When most people think about Patek Philippe replica watches, they consider the evergreen versions which roll off the lips of enthusiasts all over the world: Philippe, Gondolo, Calatrava and, possibly even, that delectable worldtimer that appeared at 2013’s brand new Patek Philippe nautilus 5160 replica watches offerings as Reference 5130. But one of many elements that I personally adore concerning Patek Philippe is its love of this handcrafted arts and the perpetuation of them in exceptionally aesthetic ways.

In 2013, the introduction of the Sky Moon Tourbillon Reference 6002G — that you may read about in detail here– saw this most conventional of Genevan brands bringing a few of the arts back into the limelight: champlevé and cloisonné enamel as evidenced by Reference 6002G’s deliciously complicated blue dial (as the observable result of this delightfully complex mechanics) and the fancy engraving on the solid white gold case.

Another complicated Patek Philippe yupoo 5160 fake watch timepiece also received similar attention from one of these handcrafted arts in 2013, a timepiece I find to have been overlooked, although admittedly that is simple to accomplish among the vast collection of fine timepieces that this brand provides.

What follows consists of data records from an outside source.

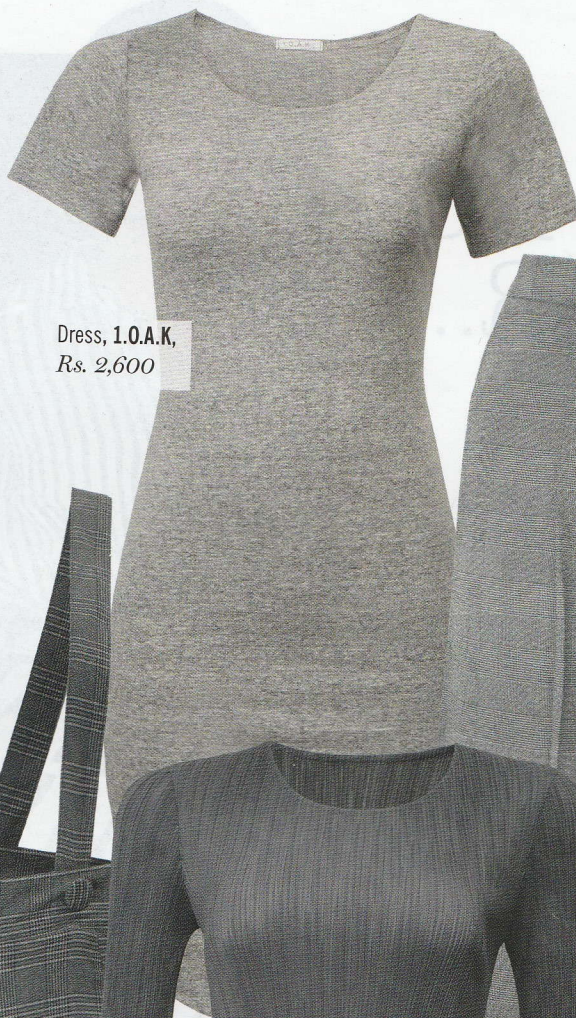
Dress, 1.O.A.K. , Rs. 2,600
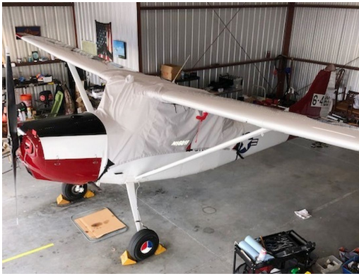
Cessna Bird Dog, L-19, O-1, 305 Canopy Cover, Over-Top Type
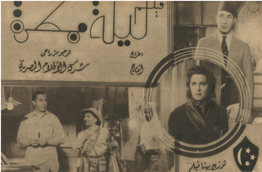
FIGURE 35. The bottom left image in this collage shows Ahmad (Yusuf Wahbi, left) and Shahata ('Abd al-'Aziz Ahmad, center) in Omdurman; also pictured, Ahmad dressed as an effendi (top right) and Saniya (Layla Murad, bottom right). Pressbook for A Rainy Night (Togo Mizrahi, 1939).

through the trials of labor in the colony. The portrayal of Sudan in this albeit uncritical colonialist idiom problematizes the widespread political acceptance in interwar Egypt of Egypt's right to rule Sudan (as discussed in chap. 5). The Egyptian experience in Sudan is rendered through a British colonial lens—raising, but ultimately not answering, questions of colonial legitimacy, sovereignty, and territoriality of nation and state. I have been arguing that A Rainy Night attempts to define the boundaries of what it means to be Egyptian. The Sudan itinerary, I argue, serves to problematize the definition of Egypt's geographical boundaries.

I’m speaking about the complicated Reference 5160, which includes an ultra-tidy endless calendar that renders the opaline dial appearing uncluttered, clear in its message, and allowing the viewer the opportunity to glimpse the desired information quickly.

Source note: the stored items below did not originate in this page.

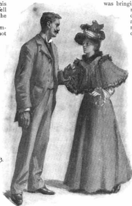
"MY HUSBAND HAS MET WITH A TERRIBLE ACCIDENT," SHE CRIED."

instantly commenced operations on Barton's arm, while his brother seized hold of his lodger round the waist. Mrs. Barton, her eyes still fixed on the big Jew, was crouching down at the end of the room, and I hurried round the bed only just in time to stop the man Israel, who rushed towards
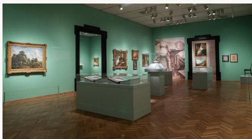
Fig. 33, View of “Demesne” gallery.
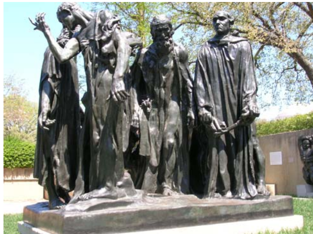
August Rodin, French, 1840-1917. The Burghers of Calais , (1884-89,) cast 1953-59. Gift of Joseph H. Hirschhorn, 1966. On display in the Hirschhorn Sculpture Garden.

To this end, during the past semiannual period we completed 5 audits and reviews; worked with management to close 23 recommendations; provided formal oversight of the Institution's annual financial statement audit, and completed substantial work on ongoing audits.
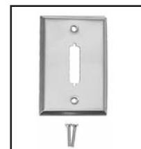
30-599 25 pin "D" cutout single gang stainless steel wall plate with hardware. For Male or Female connectors. Works with Calrad part numbers 30-575, 30-577.
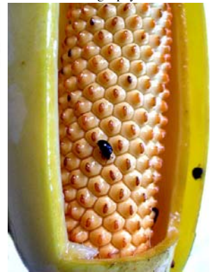
14 Monstera adansonii inflorescence
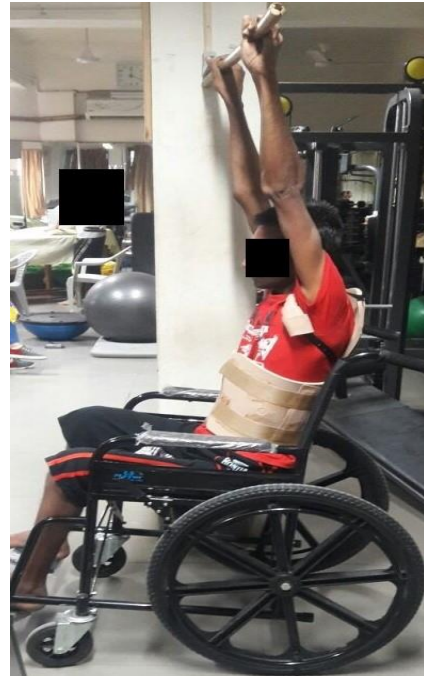
Fig. 3: Vertical reach

ramp was measured using a stop watch. 3. Forward vertical reach (Fig. 3): The wheelchair was positioned parallel to a marking board, and participants held the stick, independently (palms down). Participants were instructed to keep the stick level and to avoid excessive backward arching. The distance from the floor to the mark was measured in centimetres (cm). 4. One Stroke Push (Fig. 4) was taken with all 4 wheels of the wheelchair positioned on the carpeted or grass surface (1.5-cm pile); the participant propelled the wheelchair forward by pushing once with maximal effort. Once the wheelchair rolled to a stop, the most posterior point of the rear wheels was marked to indicate the completed distance pushed. If the push was asymmetrical, the mark was recorded for the most posterior wheel. The distance (cm) between the 2 marked points was recorded. This task was selected because wheeling on carpet or uneven surface is a common everyday activity requiring strong effective propulsion. Two trials for each task were taken and average score was recorded and documented. Maximum rest period of 30 seconds was allowed in between the test. All testing was completed without any incident and there were no complaints of fatigue during testing.
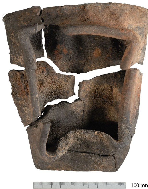
Fig. 4. The stove tile photographed from the back, showing the flange with a bend on it (Museum Centre of Turku, TMM22567:KA024:001).

The form of the stove tile is trapezoid, and it had belonged to a crest of a tile stove (e.g. Stephan 1991, Abb. 128–129, 108–110, 172). Its height is ca 16 cm and its width on the top is ca 15 cm and at the bottom ca 9 cm. It is made of redware and has a patchy green glaze, which has partly burned into bubbles, indicating that its manufacturing process was not wholly successful. Also the flange at the back of the tile, which facilitated its fastening on the stove wall, has a bend on it (Fig. 4). This could only have been caused by firing the tile at too high a temperature. Also its relief-decoration is relatively crude. On the basis of the colour of its glaze, the style of its decoration and the shape of its panel and flange, the stove tile dates to a period between the second quarter of the 16th century and the beginning of the 17th century, i.e. when Renaissance stove tiles were in fashion. Before these years the flanges had not fully developed into the form that is found at the back of the stove tile discussed here, and after these years the shape of the flange became bulkier. Also the glaze on later tiles is often dark brown or almost black and their relief-decoration is shallower (Majantie 2010, 70–79, 91–96; see also Franz 1969; Liebgott 1972).
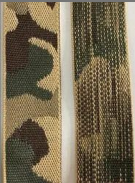
Camo Design Tape
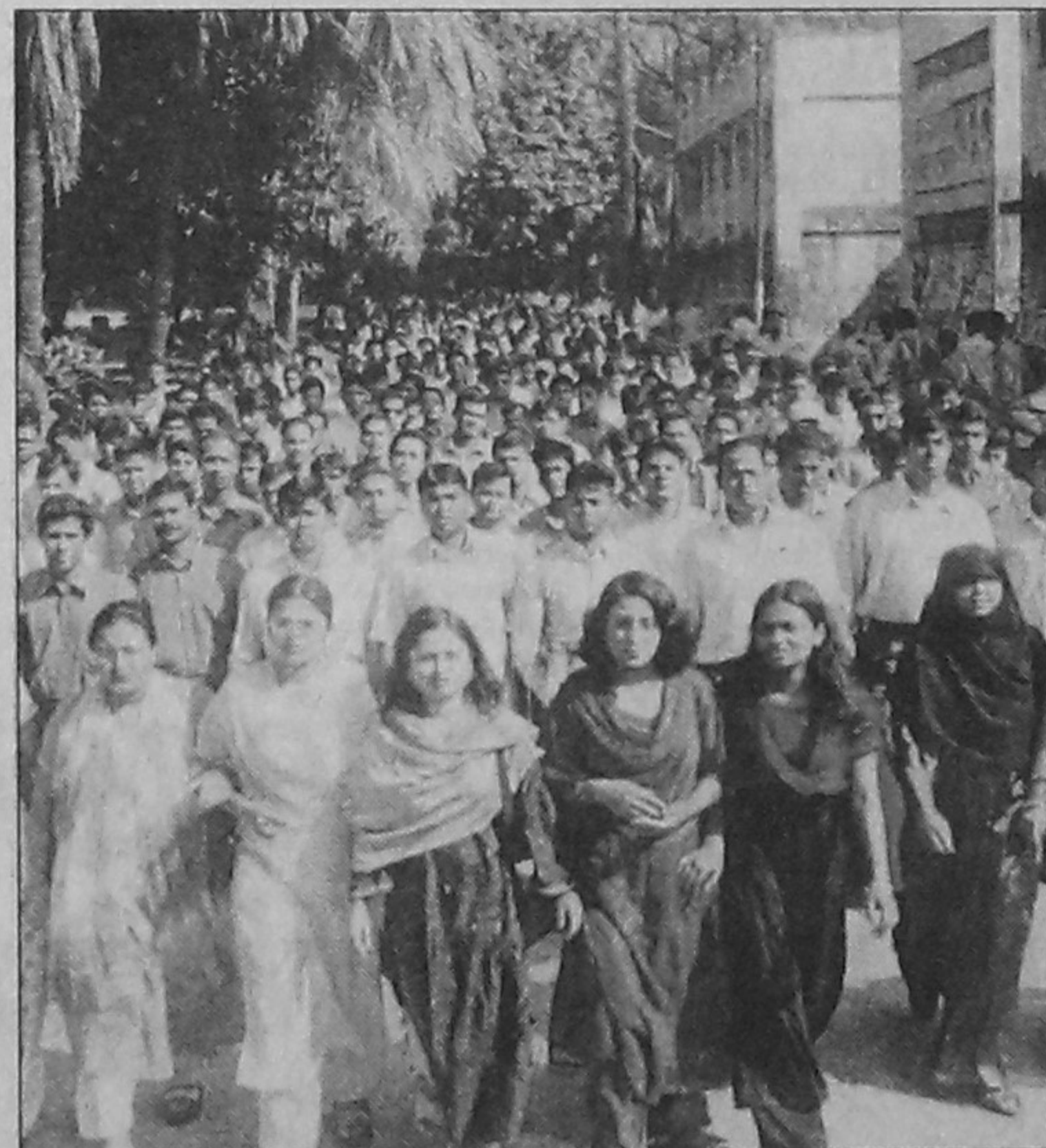
Jatiyatabadi Chhatra Dal (JCD) brought out a procession on Dhaka University campus yesterday in observance of the Noor Hossain Day.

Coming back into the floral instance engraving, this pattern had certainly not been picked randomly, neither for Reference 5160 nor for the most recent version of this Sky Moon Tourbillon. In reality, this pattern is highly reminiscent of that based on what is affectionately known by enthusiasts of the brand and horological history as”the Packard.” Sold to American industrialist James Ward Packard, practically the only adornment this sober, complicated pocket watch — arguably the most complicated timepiece on earth in the time of its completion in 1927 — offered was the floral engraving on its own 18-karat gold case and the granulation on its own bow. In my experience, this minimalist, classy embellishment has often been used by the maison used to signify something important, yes, even understatedly spectacular.

As a last announcement pointing to its origins — as if they could be misconstrued — this stunning wristwatch is outfitted with a hinged officer’s case back also engraved with a floral pattern surrounding the new signature Calatrava cross that may be opened to reveal a sapphire crystal case back.